Como suele pasar, a mí no me ha gustado. No me ha gustado nada. Y no es porque mi género favorito no sea precisamente la Ciencia Ficción — que no lo es —, ya que la novela no puede considerarse como difícil o exclusiva, es porque su lectura me ha parecido una auténtica pérdida de tiempo. Así que, a partir de ahora, que me perdonen los que la consideran su novela de cabecera. Mi crítica será dura.

Para empezar, no es una novela de amor y viajes por el tiempo. Para nada es culpa de Willis, sin embargo, nunca esta demás dejarlo claro. Es una novela de viajes por el tiempo y epidemias, y seguramente esto último sea lo mejor que tiene la novela; el terror que supuso en la Edad Media la peste y la esquilmación tan brutal de la población que supuso. La recta final del libro de Willis — un cuarto de la novela — es un aceptable retrato de lo que debió ser la epidemia. La narración es fluida, en algunos momentos, frenética, sobrecoge e incluso hace que se te escape alguna que otra lagrimilla. ¿El resto del libro? Relleno. Una auténtica tomadura de pelo.

Una de las críticas — negativas — que he leído hace hincapié en que se trata de un libro demasiado extenso para lo que cuenta, y que solo se empieza animar hacia el final. Estoy totalmente de acuerdo. Es más, yo diría que es un libro exasperante. Es la palabra más idónea que se me ocurre para él.

¿Recordáis todas las veces que os comento cómo un libro puede arruinarse por postergar las cosas de una manera artificiosa? A todos nos gusta un poco de tira y afloja, algo de suspense… Estamos de acuerdo en que no siempre hay que ir al grano. Sin embargo, en lo que no coincidiremos es hacer que todo dure un poquito, simplemente, para que una novela sea más extensa porque-sí.

En El libro del día del juicio final, esto pasa continuamente. De hecho, uno de los dos espacios temporales en los que se desarrolla la historia es totalmente prescindible y superfluo.
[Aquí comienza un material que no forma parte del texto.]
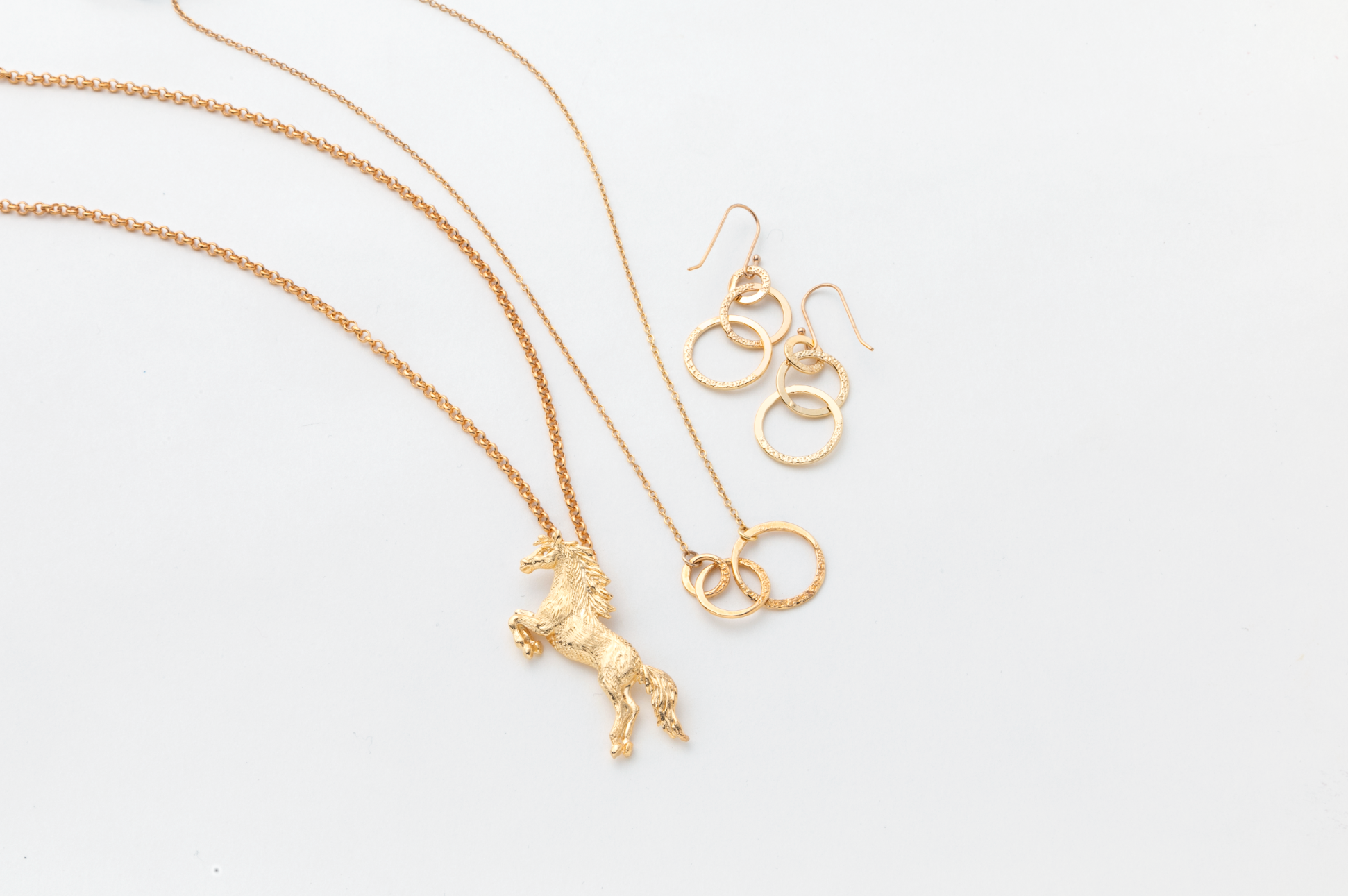 <ミラベル> 左)Leaping Horseチャームネックレス 23,100円 中)Lolitaネックレス 8,250円 右)Lolitaループピアス 6,600円
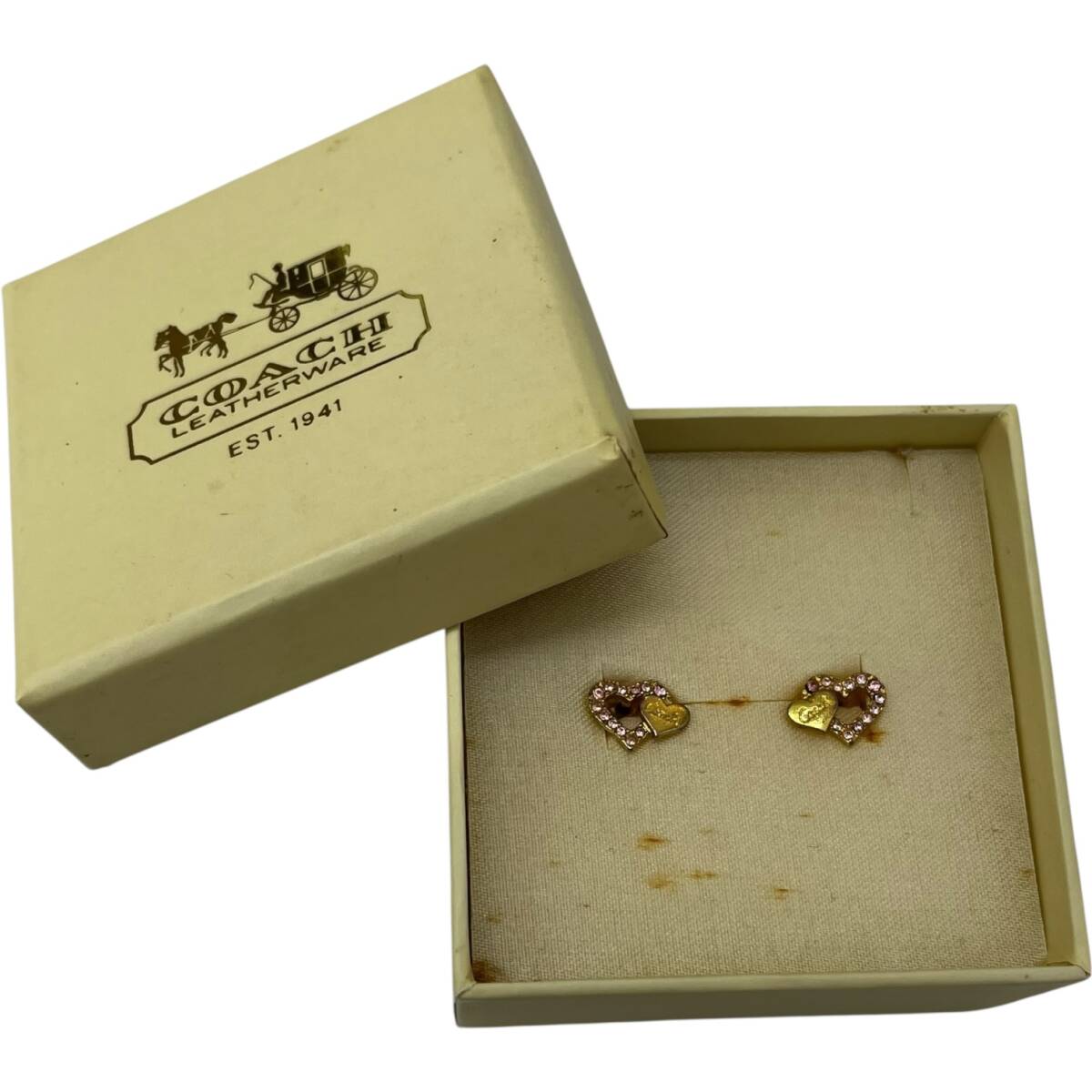 COACH コーチ ハート ピアス ゴールド ピンク ラインストーン 箱付き

En honor a la verdad, da la sensación que la única función de esos interludios es la de sacarte de quicio. Los hechos que tienen lugar en la actualidad — el espacio temporal que considero prescindible — son una suerte de listado de tareas en plan: fui al hospital, luego fui a la universidad, luego llamé por teléfono, luego alguien me llamó por teléfono, luego volví al hospital y, al final del día, me acosté. Pasan cosas totalmente anodinas y, cuando parece que va a ocurrir algo interesante o se va a producir una revelación, hay miles de impedimentos — totalmente artificiosos — que lo imposibilita.

En la parte medieval — la que es un poquitín más interesante — suele suceder exactamente lo mismo. Como algunos no habréis leído el libro, os podré un ejemplo para que os hagáis una idea de lo que hablo:

Imaginad que os han robado el coche. Vais a poner la multa a la policía. Sin embargo, mientras que vais de camino, vuestra pareja, vuestro hermano o vuestro padre se da cuenta que no os lo han robado, simplemente estaba aparcado en otro lugar. Entonces, vuestro familiar, rápidamente, intenta llamaros al móvil, sin embargo, de repente, una fanfarria hace escena y no os enteráis de nada. Intentáis llamar, pero alguien os roba el móvil. Vuestros familiares intentan ir a la comisaría para avisarte, pero de repente, pasa por al lado de vuestra calle la Cabalgata de Reyes — aunque estáis en Agosto — y no pueden coger el coche. Finalmente, una semana después, cuando después de que te robaran el móvil, te cayeras en una zanja, te atropellaran y te mordiera un perro, llegas a casa y te dicen que no te han robado el coche. ¡Viva! ¡Ya tienes para un libro!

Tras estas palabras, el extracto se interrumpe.